### What the exercise asks:
I would like the lines below, from the one with "2023-6-8 經濟日報【生麗國際持續捐贈台大兒童醫院逾1178萬元醫療儀器 盼改善兒童就醫環境】" through the one with "Разогреваем в котелке", copied exactly and without any pictures.

### Supplied records:
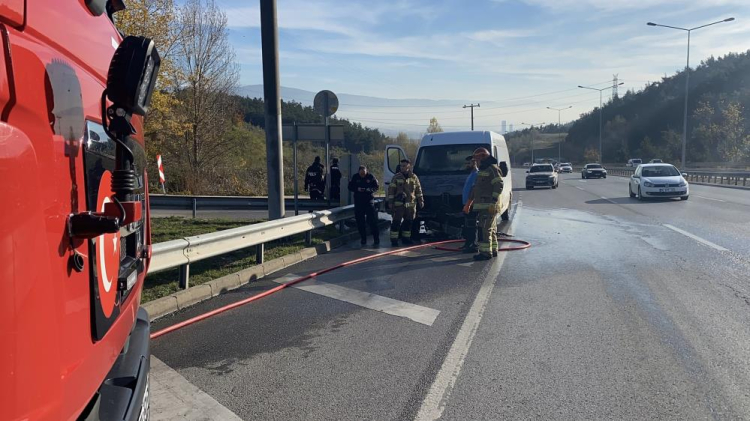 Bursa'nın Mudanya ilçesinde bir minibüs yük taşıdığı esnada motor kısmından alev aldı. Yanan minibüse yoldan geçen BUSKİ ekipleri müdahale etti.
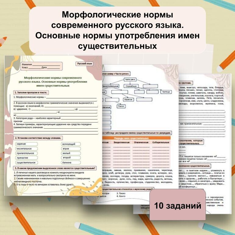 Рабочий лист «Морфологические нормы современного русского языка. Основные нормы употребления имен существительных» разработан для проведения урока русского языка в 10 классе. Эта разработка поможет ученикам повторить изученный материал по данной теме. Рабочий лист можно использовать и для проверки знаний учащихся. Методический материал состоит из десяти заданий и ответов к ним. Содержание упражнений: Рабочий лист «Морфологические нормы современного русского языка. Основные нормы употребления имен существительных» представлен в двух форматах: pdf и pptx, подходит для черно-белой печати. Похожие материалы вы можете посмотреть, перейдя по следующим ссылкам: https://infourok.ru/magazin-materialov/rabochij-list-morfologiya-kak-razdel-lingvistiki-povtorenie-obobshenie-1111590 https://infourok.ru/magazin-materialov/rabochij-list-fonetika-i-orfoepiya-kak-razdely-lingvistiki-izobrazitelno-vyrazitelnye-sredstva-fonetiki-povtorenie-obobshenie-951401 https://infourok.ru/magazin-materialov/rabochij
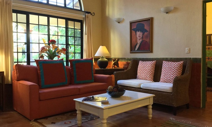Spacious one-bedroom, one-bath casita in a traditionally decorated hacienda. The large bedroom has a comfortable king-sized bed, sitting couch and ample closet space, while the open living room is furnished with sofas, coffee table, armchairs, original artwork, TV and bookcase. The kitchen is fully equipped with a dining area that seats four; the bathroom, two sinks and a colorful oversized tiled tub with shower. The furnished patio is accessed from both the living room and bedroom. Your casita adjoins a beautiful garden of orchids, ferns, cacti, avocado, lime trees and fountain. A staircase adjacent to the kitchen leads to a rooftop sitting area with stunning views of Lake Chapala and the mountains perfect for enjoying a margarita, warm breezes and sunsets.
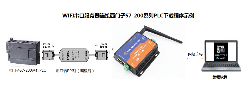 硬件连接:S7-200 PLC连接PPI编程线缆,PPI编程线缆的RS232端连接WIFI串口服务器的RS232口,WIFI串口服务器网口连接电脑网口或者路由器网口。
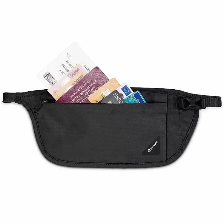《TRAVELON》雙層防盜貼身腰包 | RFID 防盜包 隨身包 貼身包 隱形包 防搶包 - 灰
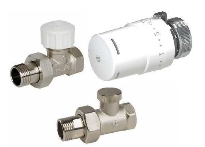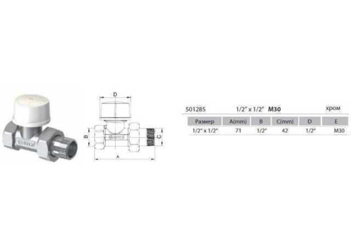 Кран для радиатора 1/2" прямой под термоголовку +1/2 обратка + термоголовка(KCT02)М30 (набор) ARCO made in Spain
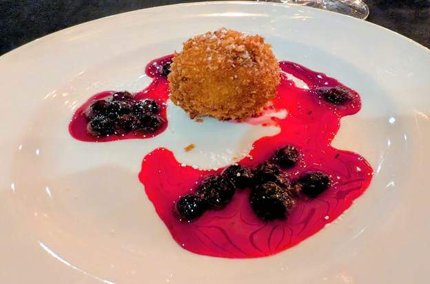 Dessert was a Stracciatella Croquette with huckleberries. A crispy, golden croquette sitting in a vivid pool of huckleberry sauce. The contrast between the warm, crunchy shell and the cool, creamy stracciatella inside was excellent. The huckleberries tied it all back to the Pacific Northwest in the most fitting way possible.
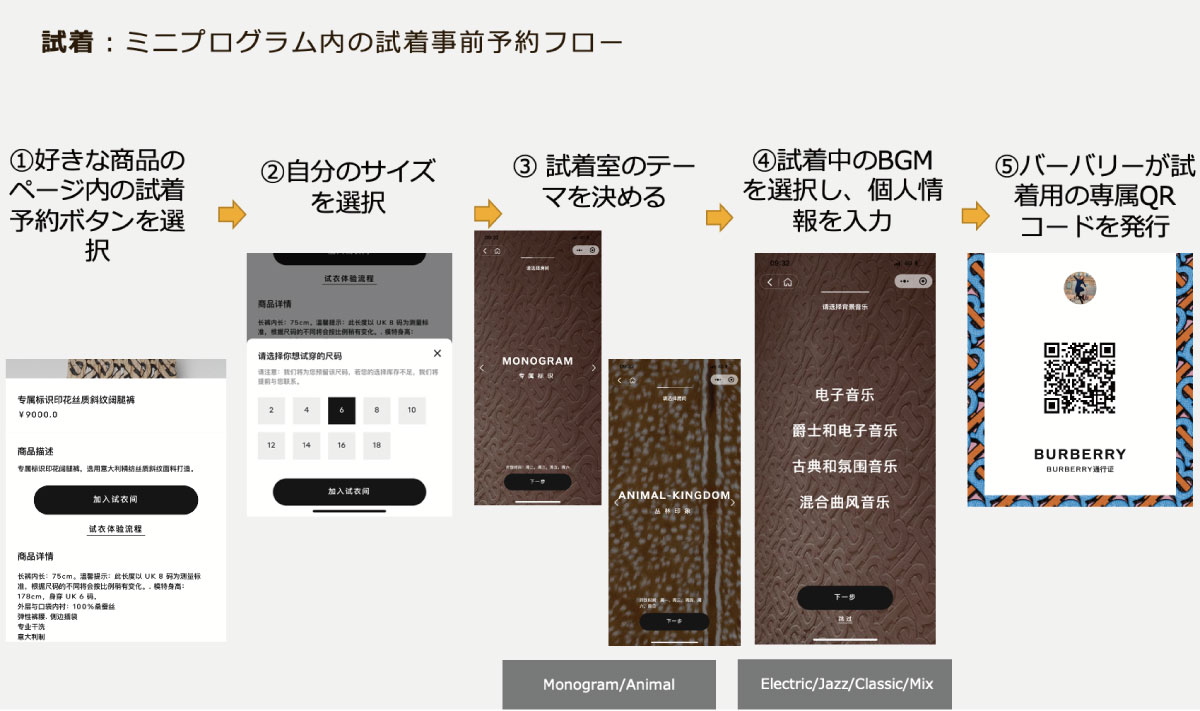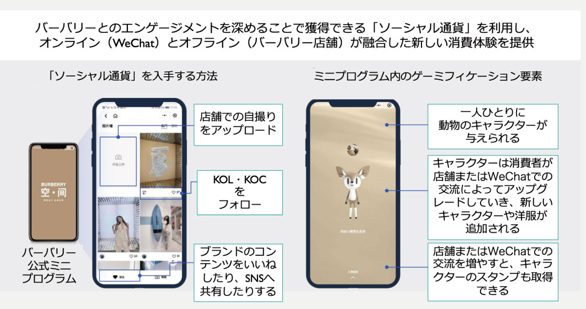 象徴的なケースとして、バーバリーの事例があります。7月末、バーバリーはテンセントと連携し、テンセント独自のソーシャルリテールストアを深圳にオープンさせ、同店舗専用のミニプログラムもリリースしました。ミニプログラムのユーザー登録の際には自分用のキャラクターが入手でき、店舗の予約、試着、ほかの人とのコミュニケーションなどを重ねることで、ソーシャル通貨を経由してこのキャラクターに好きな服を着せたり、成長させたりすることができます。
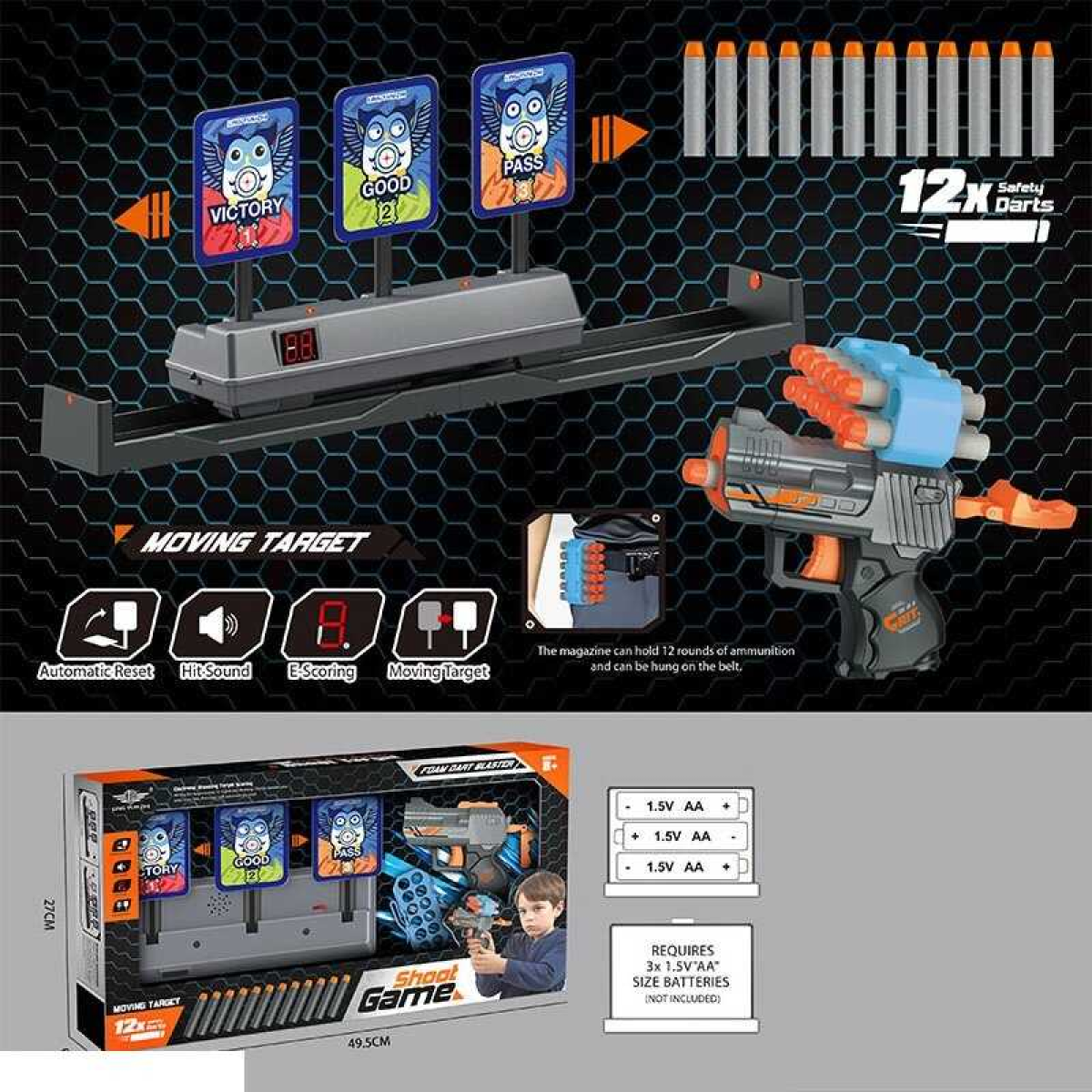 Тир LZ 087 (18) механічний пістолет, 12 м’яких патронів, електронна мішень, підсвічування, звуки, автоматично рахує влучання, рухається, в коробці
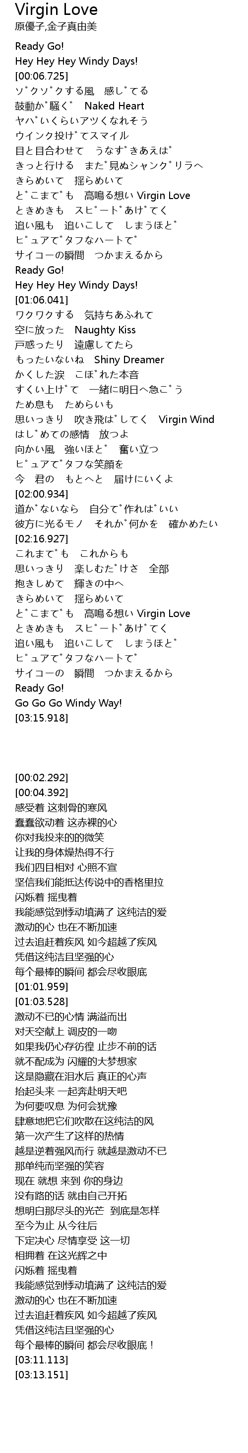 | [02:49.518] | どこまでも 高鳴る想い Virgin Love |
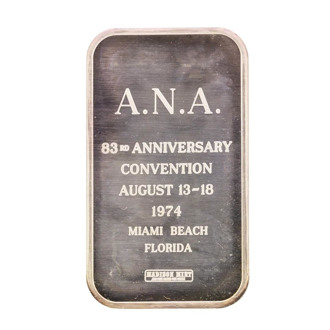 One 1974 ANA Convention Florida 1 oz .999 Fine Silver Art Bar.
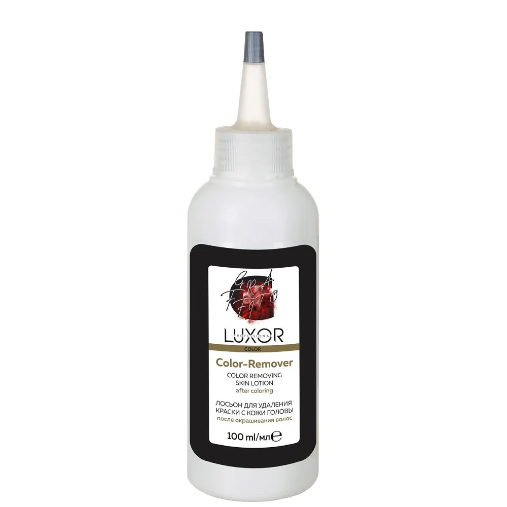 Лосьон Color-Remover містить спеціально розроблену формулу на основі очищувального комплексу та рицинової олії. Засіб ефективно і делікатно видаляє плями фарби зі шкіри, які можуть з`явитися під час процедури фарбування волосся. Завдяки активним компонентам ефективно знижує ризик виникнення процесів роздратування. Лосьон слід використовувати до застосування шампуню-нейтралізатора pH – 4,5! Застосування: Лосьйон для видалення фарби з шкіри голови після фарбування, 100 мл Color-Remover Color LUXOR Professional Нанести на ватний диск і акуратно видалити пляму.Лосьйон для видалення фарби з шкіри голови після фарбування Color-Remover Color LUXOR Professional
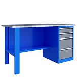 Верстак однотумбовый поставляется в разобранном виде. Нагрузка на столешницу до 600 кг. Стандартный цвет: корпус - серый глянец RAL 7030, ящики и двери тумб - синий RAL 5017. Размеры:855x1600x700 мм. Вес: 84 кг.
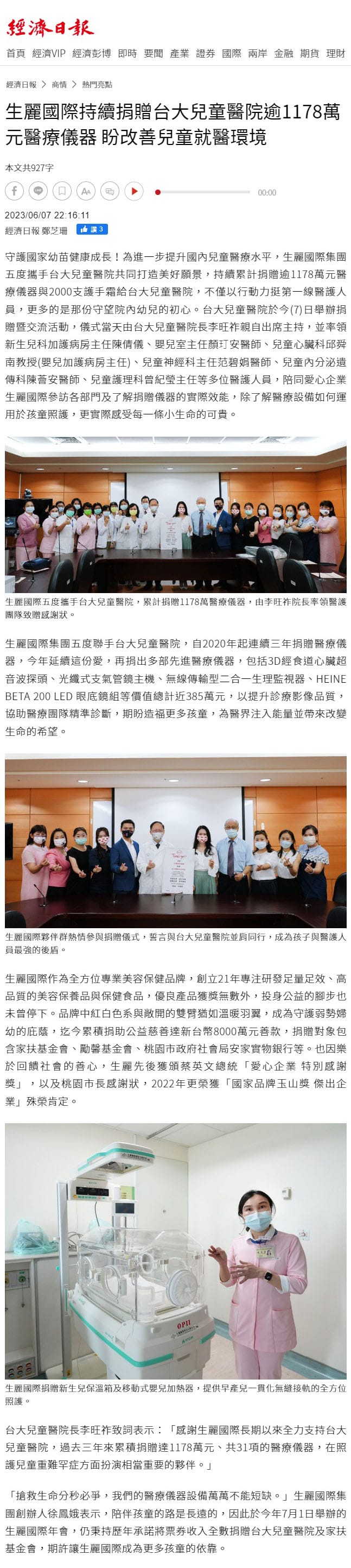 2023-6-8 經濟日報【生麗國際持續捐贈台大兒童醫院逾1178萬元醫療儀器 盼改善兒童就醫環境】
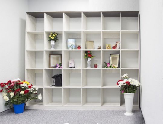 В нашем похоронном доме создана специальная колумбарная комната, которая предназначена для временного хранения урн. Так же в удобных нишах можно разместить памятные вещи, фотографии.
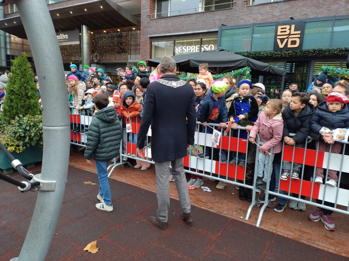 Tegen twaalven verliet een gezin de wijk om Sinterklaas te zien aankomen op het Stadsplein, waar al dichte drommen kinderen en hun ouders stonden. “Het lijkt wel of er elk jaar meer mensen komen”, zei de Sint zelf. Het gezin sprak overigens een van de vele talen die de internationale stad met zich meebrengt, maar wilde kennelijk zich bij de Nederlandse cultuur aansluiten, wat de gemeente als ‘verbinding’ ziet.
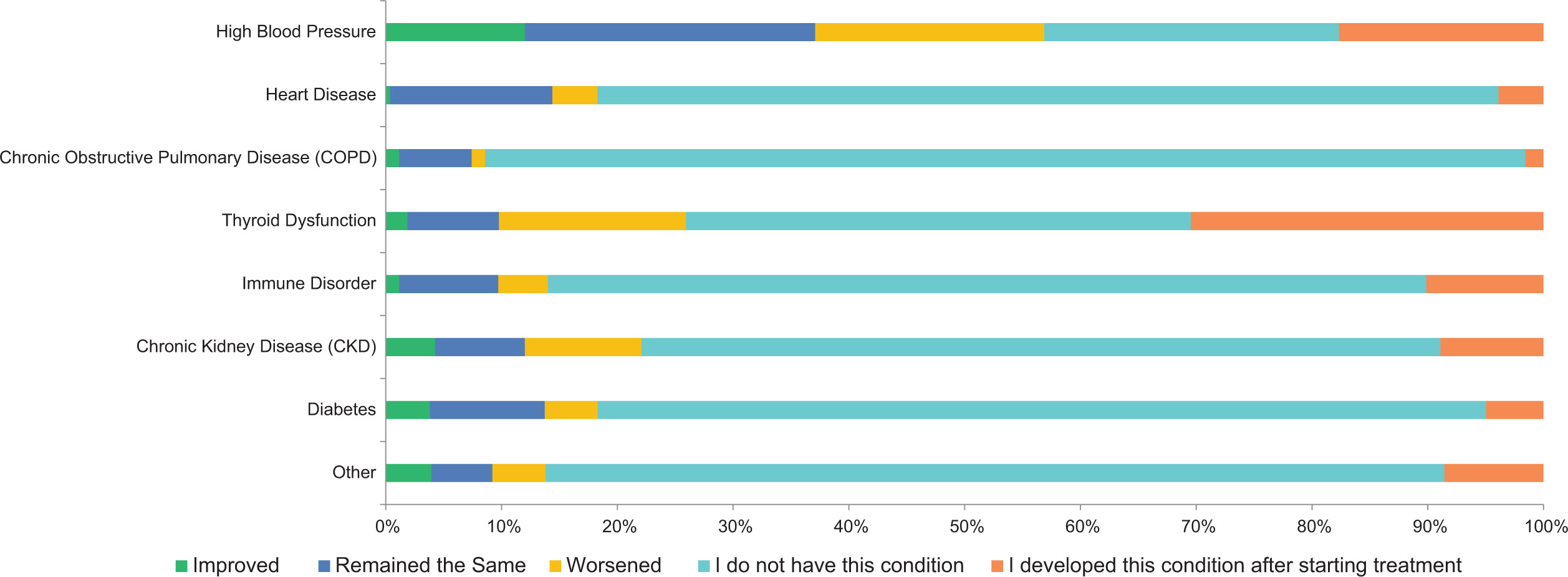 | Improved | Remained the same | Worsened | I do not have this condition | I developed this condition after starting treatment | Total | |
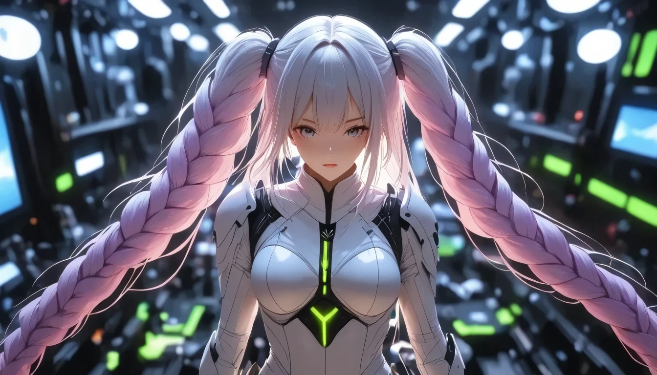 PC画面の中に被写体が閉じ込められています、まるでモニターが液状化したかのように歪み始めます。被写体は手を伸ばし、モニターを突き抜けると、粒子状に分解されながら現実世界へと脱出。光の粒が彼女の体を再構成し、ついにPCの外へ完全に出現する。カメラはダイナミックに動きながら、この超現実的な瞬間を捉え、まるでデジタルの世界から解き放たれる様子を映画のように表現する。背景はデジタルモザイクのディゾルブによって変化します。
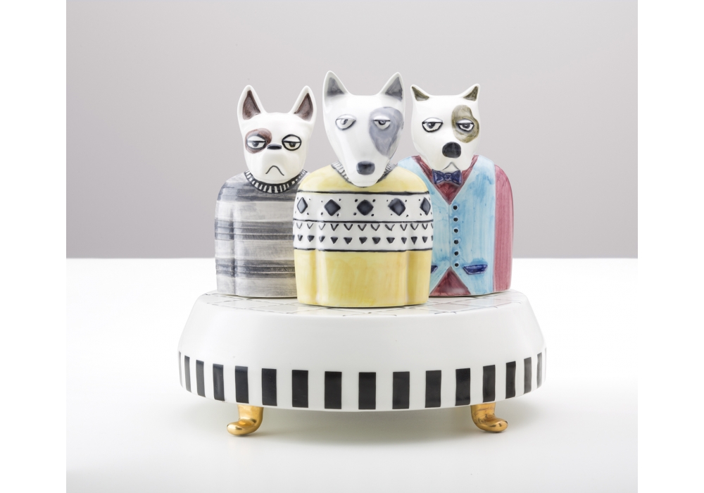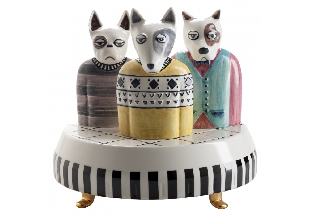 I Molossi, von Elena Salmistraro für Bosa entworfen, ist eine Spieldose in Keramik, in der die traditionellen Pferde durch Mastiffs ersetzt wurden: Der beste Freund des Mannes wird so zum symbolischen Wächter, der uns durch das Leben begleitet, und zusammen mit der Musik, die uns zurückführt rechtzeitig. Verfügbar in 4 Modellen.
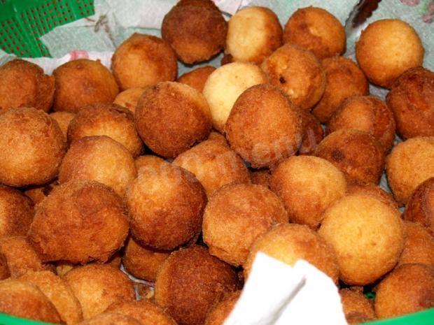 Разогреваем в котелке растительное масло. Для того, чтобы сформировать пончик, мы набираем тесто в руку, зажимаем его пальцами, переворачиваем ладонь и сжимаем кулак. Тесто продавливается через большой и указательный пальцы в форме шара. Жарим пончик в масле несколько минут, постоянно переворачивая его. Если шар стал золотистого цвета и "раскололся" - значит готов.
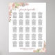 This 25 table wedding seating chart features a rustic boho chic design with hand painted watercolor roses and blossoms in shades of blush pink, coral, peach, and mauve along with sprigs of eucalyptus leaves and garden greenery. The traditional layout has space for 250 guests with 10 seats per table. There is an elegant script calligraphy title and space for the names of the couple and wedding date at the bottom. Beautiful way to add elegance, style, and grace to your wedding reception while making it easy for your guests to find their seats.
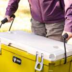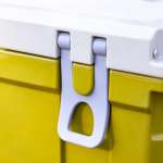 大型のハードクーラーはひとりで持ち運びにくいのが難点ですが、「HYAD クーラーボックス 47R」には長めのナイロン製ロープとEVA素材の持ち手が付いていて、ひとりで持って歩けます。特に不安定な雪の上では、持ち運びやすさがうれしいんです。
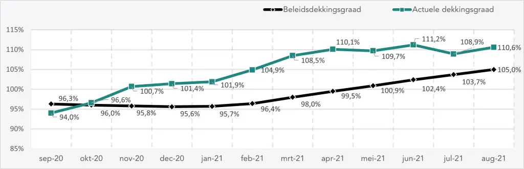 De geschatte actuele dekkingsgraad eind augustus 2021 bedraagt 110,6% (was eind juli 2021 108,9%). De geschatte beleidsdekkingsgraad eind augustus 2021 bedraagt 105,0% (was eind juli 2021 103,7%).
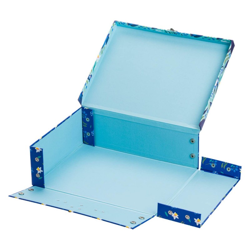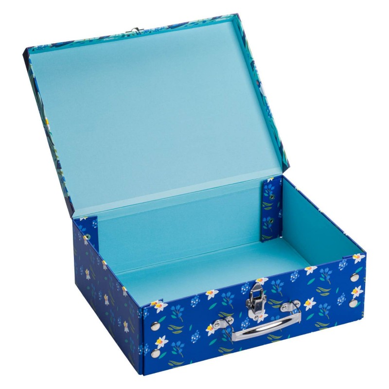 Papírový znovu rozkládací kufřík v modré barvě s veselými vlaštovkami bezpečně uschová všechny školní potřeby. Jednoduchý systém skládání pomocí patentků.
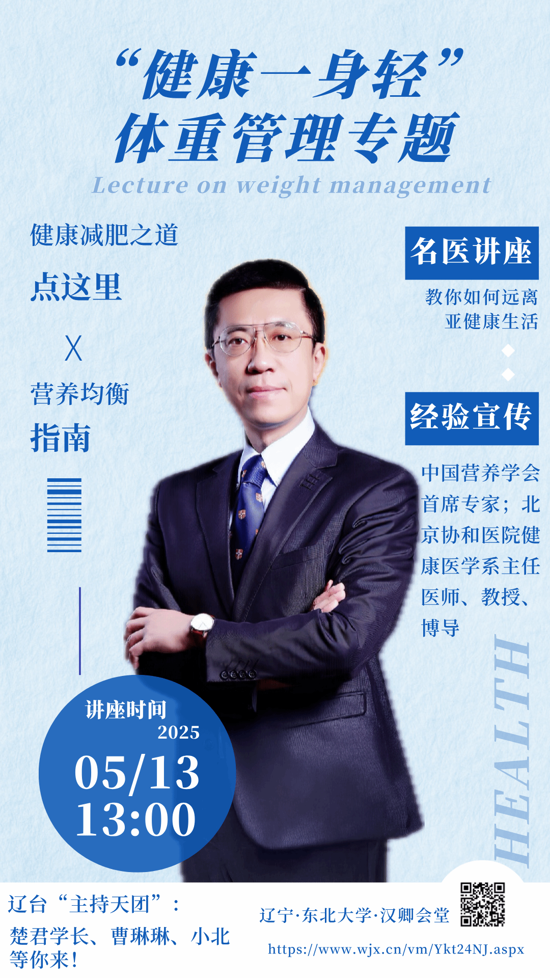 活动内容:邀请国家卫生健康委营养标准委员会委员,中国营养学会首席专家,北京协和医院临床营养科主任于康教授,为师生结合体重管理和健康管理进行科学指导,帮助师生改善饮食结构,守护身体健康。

### Result of this task:
 2023-6-8 經濟日報【生麗國際持續捐贈台大兒童醫院逾1178萬元醫療儀器 盼改善兒童就醫環境】
 В нашем похоронном доме создана специальная колумбарная комната, которая предназначена для временного хранения урн. Так же в удобных нишах можно разместить памятные вещи, фотографии.
 Tegen twaalven verliet een gezin de wijk om Sinterklaas te zien aankomen op het Stadsplein, waar al dichte drommen kinderen en hun ouders stonden. “Het lijkt wel of er elk jaar meer mensen komen”, zei de Sint zelf. Het gezin sprak overigens een van de vele talen die de internationale stad met zich meebrengt, maar wilde kennelijk zich bij de Nederlandse cultuur aansluiten, wat de gemeente als ‘verbinding’ ziet.
 | Improved | Remained the same | Worsened | I do not have this condition | I developed this condition after starting treatment | Total | |
 PC画面の中に被写体が閉じ込められています、まるでモニターが液状化したかのように歪み始めます。被写体は手を伸ばし、モニターを突き抜けると、粒子状に分解されながら現実世界へと脱出。光の粒が彼女の体を再構成し、ついにPCの外へ完全に出現する。カメラはダイナミックに動きながら、この超現実的な瞬間を捉え、まるでデジタルの世界から解き放たれる様子を映画のように表現する。背景はデジタルモザイクのディゾルブによって変化します。
 I Molossi, von Elena Salmistraro für Bosa entworfen, ist eine Spieldose in Keramik, in der die traditionellen Pferde durch Mastiffs ersetzt wurden: Der beste Freund des Mannes wird so zum symbolischen Wächter, der uns durch das Leben begleitet, und zusammen mit der Musik, die uns zurückführt rechtzeitig. Verfügbar in 4 Modellen.
 Разогреваем в котелке растительное масло. Для того, чтобы сформировать пончик, мы набираем тесто в руку, зажимаем его пальцами, переворачиваем ладонь и сжимаем кулак. Тесто продавливается через большой и указательный пальцы в форме шара. Жарим пончик в масле несколько минут, постоянно переворачивая его. Если шар стал золотистого цвета и "раскололся" - значит готов.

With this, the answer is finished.